Could a poison pill kill them all at once? Theoretically, of course (this is also a risk for a Byzantine version). In practice, no. By now we have thirty years of experience showing that in process group systems, replicas won't exhibit simultaneous crashes, leaving ample time to restart any that do crash, which will manifest as occasional one-time events.
Nancy Leveson invented a methodology called N-Version programming; her hypothesis was that if most failures were simply due to software bugs, then that by creating multiple versions of the most important services, you could mask the bugs because coding errors would probably not be shared among the set. This works, too, although she was surprised at how often all N versions were buggy in the same way. Apparently, coders often make the same mistakes, especially when they are given specifications that are confusing in some specific respect.
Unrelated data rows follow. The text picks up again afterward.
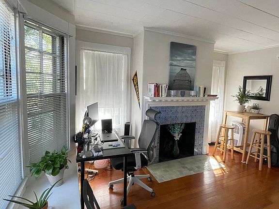 Separate entryway studio apartment on first floor rear of 1892 Victorian home in owner-occupied house in Cambridge. Two blocks to Harvard Yard, red line, grocery stores, shops, restaurants and cafes. Decorative fireplace, hardwood floors throughout, nicely sized living room/ bedroom space, separate kitchen with fridge and stove. Shared yard in the back. New air filter recently installed. No laundry on premises, laundromat 4 blocks away. Heat, hot water and WiFi included in rent. One (1) occupant only. One tandem parking space available for rent for $75/mo additional. Cats OK. Available 8/15 or 9/1. First, security and brokers.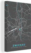 Peinture sur toile Allemagne - Blauw - Zwickau - Plan de ville - Carte - Plan d'étage - 90x140 cm - Décoration murale
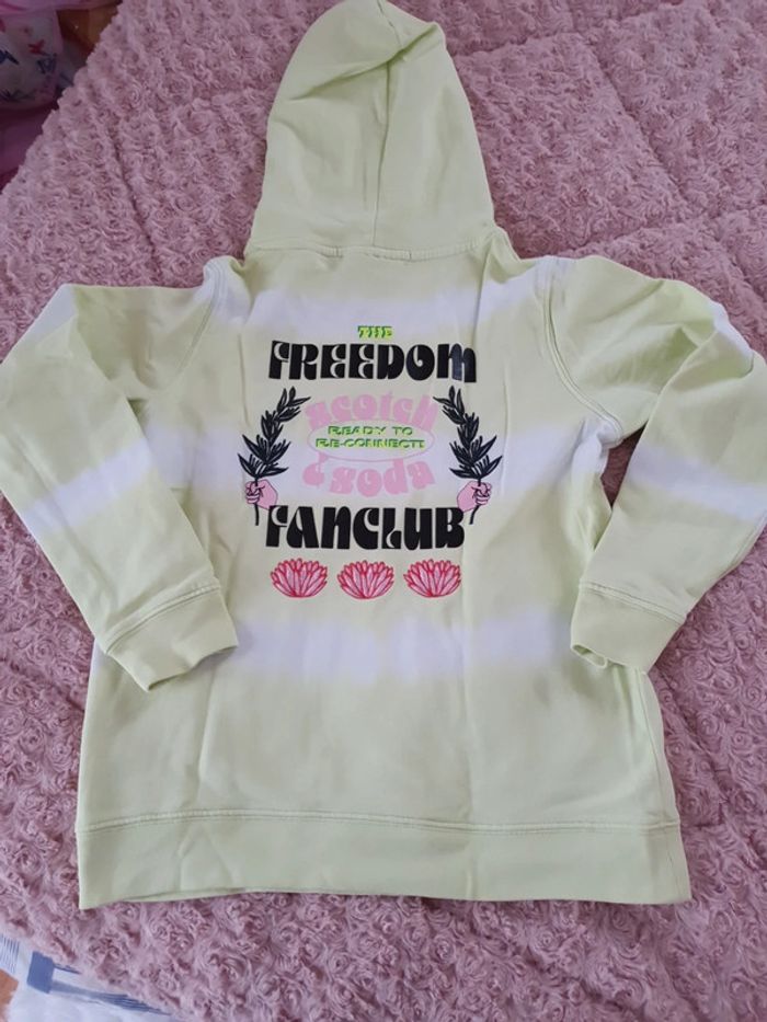 Tie and die, idéal printemps, à capuche, 2 vraies poches. Excellent état. Acheté 59 euros, pas d'offre dérisoire s'il vous plaît.

Fred Schneider and others looked at synthetic ways of "diversifying" programs, so that a single piece of code could be used to create the versions: this method automatically generates a bunch of different versions from one source file, with the same input/output behavior. You get N versions too, often find that concurrency problems won't manifest in the identical way across the replicas, and they also are less prone to security compromises!
Dawson Engler pioneered automated tools for finding bugs and even for inferring specifications. His debugging tools are amazing, and with them, bug-free code is an actual possibility.
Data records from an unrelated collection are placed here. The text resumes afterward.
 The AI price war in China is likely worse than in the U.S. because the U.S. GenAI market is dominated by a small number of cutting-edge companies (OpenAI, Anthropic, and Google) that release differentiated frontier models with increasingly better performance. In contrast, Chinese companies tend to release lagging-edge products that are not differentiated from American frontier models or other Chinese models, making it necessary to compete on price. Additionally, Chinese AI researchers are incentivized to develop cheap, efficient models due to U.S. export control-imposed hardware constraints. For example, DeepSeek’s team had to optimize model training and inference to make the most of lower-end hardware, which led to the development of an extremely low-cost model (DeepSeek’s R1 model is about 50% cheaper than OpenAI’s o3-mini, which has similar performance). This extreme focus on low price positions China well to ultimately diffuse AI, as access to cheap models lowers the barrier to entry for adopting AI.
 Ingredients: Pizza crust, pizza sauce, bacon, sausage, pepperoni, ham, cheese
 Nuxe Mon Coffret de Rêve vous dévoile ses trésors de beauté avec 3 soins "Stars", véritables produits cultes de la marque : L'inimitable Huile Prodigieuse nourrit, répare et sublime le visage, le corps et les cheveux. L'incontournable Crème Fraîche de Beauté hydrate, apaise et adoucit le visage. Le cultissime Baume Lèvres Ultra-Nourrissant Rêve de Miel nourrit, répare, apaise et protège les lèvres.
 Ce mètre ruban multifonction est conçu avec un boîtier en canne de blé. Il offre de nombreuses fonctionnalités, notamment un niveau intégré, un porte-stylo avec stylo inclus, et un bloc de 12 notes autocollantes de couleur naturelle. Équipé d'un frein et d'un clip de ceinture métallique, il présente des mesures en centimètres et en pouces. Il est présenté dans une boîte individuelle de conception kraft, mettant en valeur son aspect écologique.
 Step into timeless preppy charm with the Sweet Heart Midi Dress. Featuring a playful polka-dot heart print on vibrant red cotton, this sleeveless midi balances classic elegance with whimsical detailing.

Servers just shouldn't fail in weird, arbitrary ways anymore. There is lots of stuff to worry about, but Byzantine compromise of a set of servers shouldn't be high on the radar.
Moreover, with strong cloud firewalls, Intel SGX, and layers and layers of monitoring, I would bet that the percentage of compromises that manage to take control of between and N/2-1 replicas (but not more), or. even of attacks that look Byzantine is even lower.
But what we do see (including Reed's 2007 study), are correct services that come under attack from some form of malicious client. For an attacker, it is far easier to hijack a client application than to penetrate a server, so clients that try to use their legitimate connectivity to the server for evil ends are a genuine threat. In fact with open source, many attackers just get the client source code, hack it, then run the compromised code. Clients that simply send bad data without meaning to are a problem too.
The client is usually the evil-doer. Yet the Byzantine model blames the server, and ignore the clients.
It seems to me that much more could be done to characterize the class of client attacks that a robust service could potentially repel. Options include monitoring client behavior and blacklisting any clients that are clearly malfunctioning, capturing data redundantly and somehow comparing values, so that a deliberately incorrect input can be flagged as suspicious or even suppressed entirely (obviously, this can only be done rarely, and for extreme situations), or filtering client input to protect against really odd data. Gun Sirer and Fred Schneider once showed that a client could even include a cryptographic proof that input strings really came from what the client typed, without tampering.
Manuel Costa and Miguel Castro came up with a great system they called Vigilante, a few years ago. If a server was compromised by bad client input, it detected the attack, isolated the cause and spread the word instantly. Other servers could then adjust their firewalls to protect themselves, dynamically. This is the sort of thing we need.
So here's the real puzzle. If your bank plans to move my accounts to a block chain, I'm ok with that, but don't assume that BFT on the block chain secures the solutions. You need to also come up without a way to protect the server against buggy clients, compromised clients, and clients that just upload bad data. The "bad dudes" are out there, not inside the data center. Develop a plan to to keep them there!